[Stored data entries]
---------------

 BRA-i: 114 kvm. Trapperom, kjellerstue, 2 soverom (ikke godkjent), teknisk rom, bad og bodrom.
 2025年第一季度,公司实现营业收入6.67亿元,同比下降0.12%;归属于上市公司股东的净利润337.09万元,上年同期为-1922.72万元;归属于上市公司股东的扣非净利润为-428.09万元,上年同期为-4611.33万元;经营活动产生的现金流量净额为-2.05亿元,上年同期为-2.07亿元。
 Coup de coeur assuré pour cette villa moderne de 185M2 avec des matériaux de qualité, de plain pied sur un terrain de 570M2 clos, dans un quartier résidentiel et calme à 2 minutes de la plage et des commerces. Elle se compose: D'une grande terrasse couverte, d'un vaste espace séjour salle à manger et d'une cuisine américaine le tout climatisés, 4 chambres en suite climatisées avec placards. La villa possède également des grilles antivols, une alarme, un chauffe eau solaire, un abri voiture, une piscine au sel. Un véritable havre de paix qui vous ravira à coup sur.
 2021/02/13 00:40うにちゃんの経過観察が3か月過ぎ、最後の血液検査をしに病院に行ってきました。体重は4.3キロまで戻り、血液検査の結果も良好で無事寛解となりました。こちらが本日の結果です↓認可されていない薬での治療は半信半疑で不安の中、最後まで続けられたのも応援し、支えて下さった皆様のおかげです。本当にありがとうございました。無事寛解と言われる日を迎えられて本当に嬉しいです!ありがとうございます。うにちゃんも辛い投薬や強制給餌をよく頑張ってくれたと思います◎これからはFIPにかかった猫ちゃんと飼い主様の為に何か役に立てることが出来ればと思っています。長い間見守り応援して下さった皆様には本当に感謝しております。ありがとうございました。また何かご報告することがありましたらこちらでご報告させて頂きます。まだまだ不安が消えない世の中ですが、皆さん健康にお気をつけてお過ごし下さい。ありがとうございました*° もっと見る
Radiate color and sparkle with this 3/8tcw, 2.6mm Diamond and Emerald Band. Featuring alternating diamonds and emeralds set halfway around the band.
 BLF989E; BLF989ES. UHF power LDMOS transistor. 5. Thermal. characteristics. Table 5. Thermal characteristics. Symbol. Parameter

---------------

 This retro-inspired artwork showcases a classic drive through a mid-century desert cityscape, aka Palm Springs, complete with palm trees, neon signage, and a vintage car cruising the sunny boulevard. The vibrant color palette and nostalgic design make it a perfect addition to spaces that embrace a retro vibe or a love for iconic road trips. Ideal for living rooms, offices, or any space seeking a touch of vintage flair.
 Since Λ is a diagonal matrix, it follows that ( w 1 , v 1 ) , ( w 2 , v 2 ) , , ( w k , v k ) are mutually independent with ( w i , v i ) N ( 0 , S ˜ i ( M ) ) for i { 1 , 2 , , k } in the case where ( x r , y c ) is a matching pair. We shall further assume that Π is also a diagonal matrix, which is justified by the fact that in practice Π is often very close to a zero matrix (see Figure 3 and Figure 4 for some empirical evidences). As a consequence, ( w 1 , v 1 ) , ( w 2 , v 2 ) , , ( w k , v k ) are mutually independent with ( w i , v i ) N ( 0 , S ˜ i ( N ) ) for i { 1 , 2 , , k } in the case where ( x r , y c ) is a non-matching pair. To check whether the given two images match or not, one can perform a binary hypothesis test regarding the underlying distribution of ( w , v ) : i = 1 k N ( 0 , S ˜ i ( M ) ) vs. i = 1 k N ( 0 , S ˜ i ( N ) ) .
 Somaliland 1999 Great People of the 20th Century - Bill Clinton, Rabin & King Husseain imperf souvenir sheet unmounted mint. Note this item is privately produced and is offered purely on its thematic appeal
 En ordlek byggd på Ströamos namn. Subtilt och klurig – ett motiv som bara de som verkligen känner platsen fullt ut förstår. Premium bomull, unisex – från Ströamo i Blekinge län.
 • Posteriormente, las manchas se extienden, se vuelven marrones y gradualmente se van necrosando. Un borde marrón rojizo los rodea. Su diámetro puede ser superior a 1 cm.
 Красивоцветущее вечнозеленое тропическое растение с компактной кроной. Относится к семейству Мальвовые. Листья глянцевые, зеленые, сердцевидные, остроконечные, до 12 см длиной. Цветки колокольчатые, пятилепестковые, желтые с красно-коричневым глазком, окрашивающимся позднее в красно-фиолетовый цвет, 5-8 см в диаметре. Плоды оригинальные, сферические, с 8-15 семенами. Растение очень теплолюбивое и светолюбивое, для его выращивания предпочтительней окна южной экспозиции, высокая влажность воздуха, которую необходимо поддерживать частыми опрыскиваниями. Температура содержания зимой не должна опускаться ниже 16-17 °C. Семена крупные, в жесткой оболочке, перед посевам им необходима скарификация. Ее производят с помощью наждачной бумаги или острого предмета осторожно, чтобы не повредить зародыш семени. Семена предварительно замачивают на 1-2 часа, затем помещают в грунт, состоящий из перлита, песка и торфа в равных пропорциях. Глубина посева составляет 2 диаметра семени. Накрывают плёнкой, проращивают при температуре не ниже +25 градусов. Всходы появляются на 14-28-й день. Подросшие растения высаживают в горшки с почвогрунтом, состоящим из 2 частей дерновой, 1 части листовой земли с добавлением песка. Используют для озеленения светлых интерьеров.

---------------

*Exercise instructions*. In the entries above, one line contains "This retro-inspired artwork" and another contains "Since Λ is a". Reproduce exactly those two lines and the lines between them, nothing else.

*Reply*.
 This retro-inspired artwork showcases a classic drive through a mid-century desert cityscape, aka Palm Springs, complete with palm trees, neon signage, and a vintage car cruising the sunny boulevard. The vibrant color palette and nostalgic design make it a perfect addition to spaces that embrace a retro vibe or a love for iconic road trips. Ideal for living rooms, offices, or any space seeking a touch of vintage flair.
 Since Λ is a diagonal matrix, it follows that ( w 1 , v 1 ) , ( w 2 , v 2 ) , , ( w k , v k ) are mutually independent with ( w i , v i ) N ( 0 , S ˜ i ( M ) ) for i { 1 , 2 , , k } in the case where ( x r , y c ) is a matching pair. We shall further assume that Π is also a diagonal matrix, which is justified by the fact that in practice Π is often very close to a zero matrix (see Figure 3 and Figure 4 for some empirical evidences). As a consequence, ( w 1 , v 1 ) , ( w 2 , v 2 ) , , ( w k , v k ) are mutually independent with ( w i , v i ) N ( 0 , S ˜ i ( N ) ) for i { 1 , 2 , , k } in the case where ( x r , y c ) is a non-matching pair. To check whether the given two images match or not, one can perform a binary hypothesis test regarding the underlying distribution of ( w , v ) : i = 1 k N ( 0 , S ˜ i ( M ) ) vs. i = 1 k N ( 0 , S ˜ i ( N ) ) .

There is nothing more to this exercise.